Entering edit mode
9.0 years ago
nalandaatmi
▴
110
Hi All,
Recently I concatenated two fastq files from one library belonging to the same sample but loaded in different lanes, using the following command.
cat Sample01_L001_R1.all.fastq.gz Sample01_L006_R1.all.fastq.gz > Sample01_L001-6_R1.all.fastq.gz
Sample fastq file content:
@HISEQ:137:C8W59ACXX:1:1101:1183:2157 1:N:0:TATGGC
GTATCATTAAAACTTTTACGATCAATCTTTTTAATAAGAACTAAATTATAATAAAATCCATATGTTGCCACAGGCGGGAAAAAAAAAAGGAAGGAAAAAAA
+
BBBFFFFFFFFFFBIIIIIIFFIIIIIIIFFIFFF<FBBFFFIIIIIIIIFIIIFFIBFFFIIB<BF<FFFIBFFBBB'7BBB<7<BF7<'077'07BB7<
To validate that all the lines have been copied to the output fastq file Sample01_L001-6_R1.all.fastq.gz
. I counted the number of lines in each fastq file using following command.
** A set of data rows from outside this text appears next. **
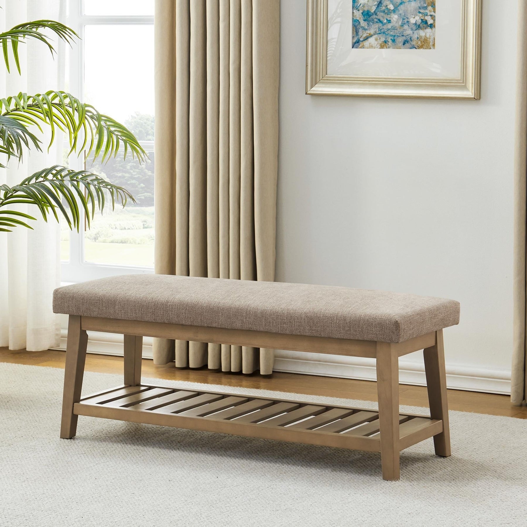 Créez une atmosphère chaleureuse dans votre entrée avec un banc contemporain sans dossier doté d'une tablette de rangement pratique. Son assise rembourrée offre un confort douillet pour enfiler vos chaussures. La tablette inférieure à lattes est idéale pour ranger chaussures et sacs à main, les gardant au-dessus du sol et créant un espace ordonné et ordonné.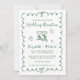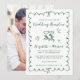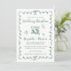Romantic wedding reception save the date featuring a green wavy frame adorned with coquette bows, whimsical hand drawn illustrations of a heart, stars and wine glasses, and "Wedding Reception" and the names of the bride and groom in a playful green script. Your photo fills the back of the announcement.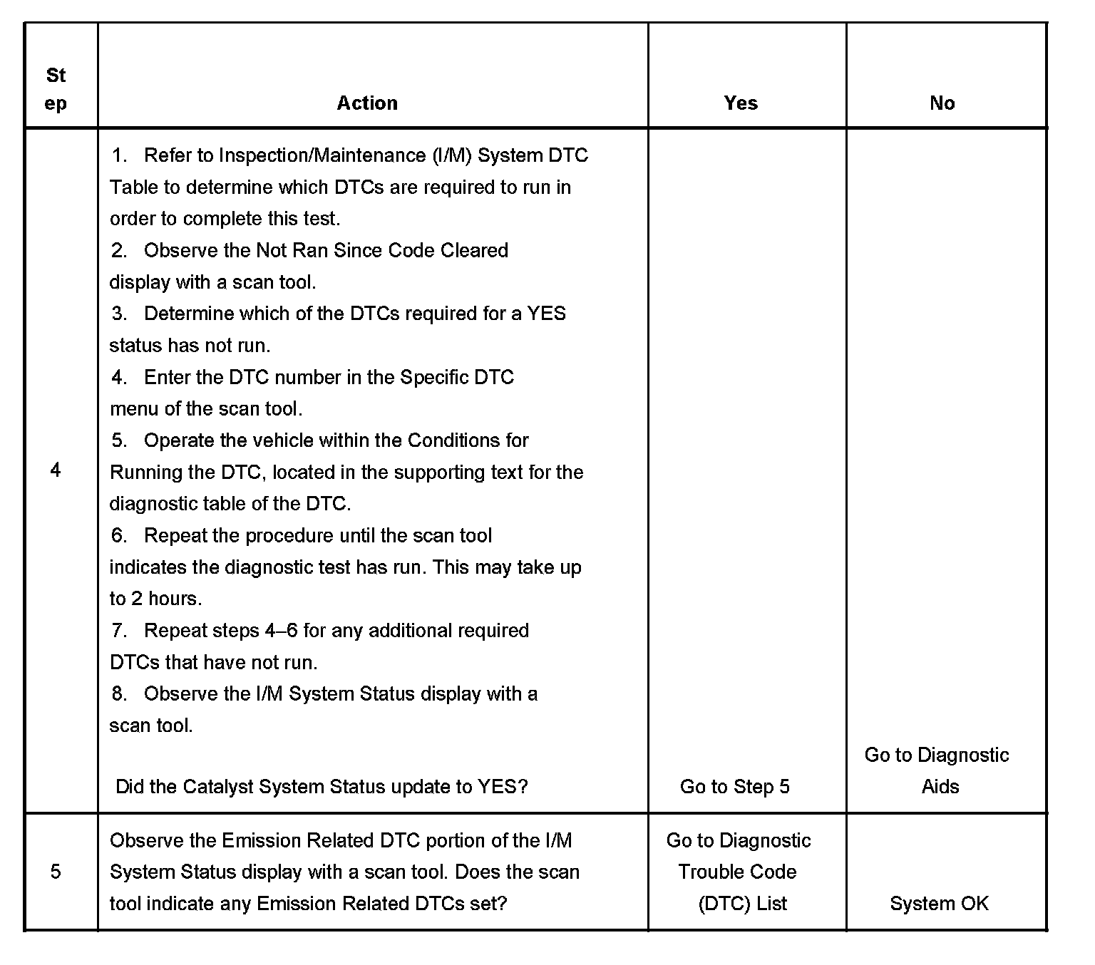 The control module runs a maximum of 6 tests per trip until the Catalyst System Status updates to YES. If the status does not update, the test outlined in this procedure can be repeated until the I/M System Status updates to YES.

$ zcat Sample01_L001_R1.all.fastq.gz | grep '@HISEQ:137' | wc -l
37,955,286
$ zcat Sample01_L006_R1.all.fastq.gz | grep '@HISEQ:137' | wc -l
18,385,272
$ zcat Sample01_L001-6_R1.all.fastq.gz | grep '@HISEQ:137' | wc -l
55,587,340
Expected count should be 56,340,558.
Why the number of fastq header count is different from the expected?
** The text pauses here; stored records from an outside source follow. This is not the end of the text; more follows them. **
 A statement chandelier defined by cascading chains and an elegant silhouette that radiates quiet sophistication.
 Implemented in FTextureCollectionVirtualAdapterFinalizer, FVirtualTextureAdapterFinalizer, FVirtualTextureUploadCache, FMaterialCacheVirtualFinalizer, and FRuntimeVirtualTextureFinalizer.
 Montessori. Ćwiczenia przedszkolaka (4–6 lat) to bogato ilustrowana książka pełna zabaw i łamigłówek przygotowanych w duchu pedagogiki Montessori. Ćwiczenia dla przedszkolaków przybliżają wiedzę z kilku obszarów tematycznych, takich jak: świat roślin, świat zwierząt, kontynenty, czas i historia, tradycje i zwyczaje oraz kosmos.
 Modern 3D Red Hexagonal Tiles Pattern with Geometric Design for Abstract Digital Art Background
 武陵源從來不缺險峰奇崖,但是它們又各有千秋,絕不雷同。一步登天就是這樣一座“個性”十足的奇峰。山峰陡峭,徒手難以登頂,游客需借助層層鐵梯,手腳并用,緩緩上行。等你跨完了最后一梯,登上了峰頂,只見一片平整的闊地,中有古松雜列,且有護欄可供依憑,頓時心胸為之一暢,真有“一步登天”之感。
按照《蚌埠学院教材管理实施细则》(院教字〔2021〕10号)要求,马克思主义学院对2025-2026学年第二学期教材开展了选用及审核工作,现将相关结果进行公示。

hard to say - do it again, I agree that the counts should be the same, it is possible that the file has been corrupted in some manner
Thanks Istvan Albert. I will try it again.
Have you tried counting all lines and dividing by 4 to see what number you get?
To be safe you can also try this instead:
$ zcat seq1.fq.gz seq2.fq.gz | gzip -c > all.fq.gz
what are those numbers without the grep (all lines) ?
I know this isn't answering your question directly, but you can just supply your fastq files to the aligner, most aligners can merge them for you. I know that STAR does that for sure.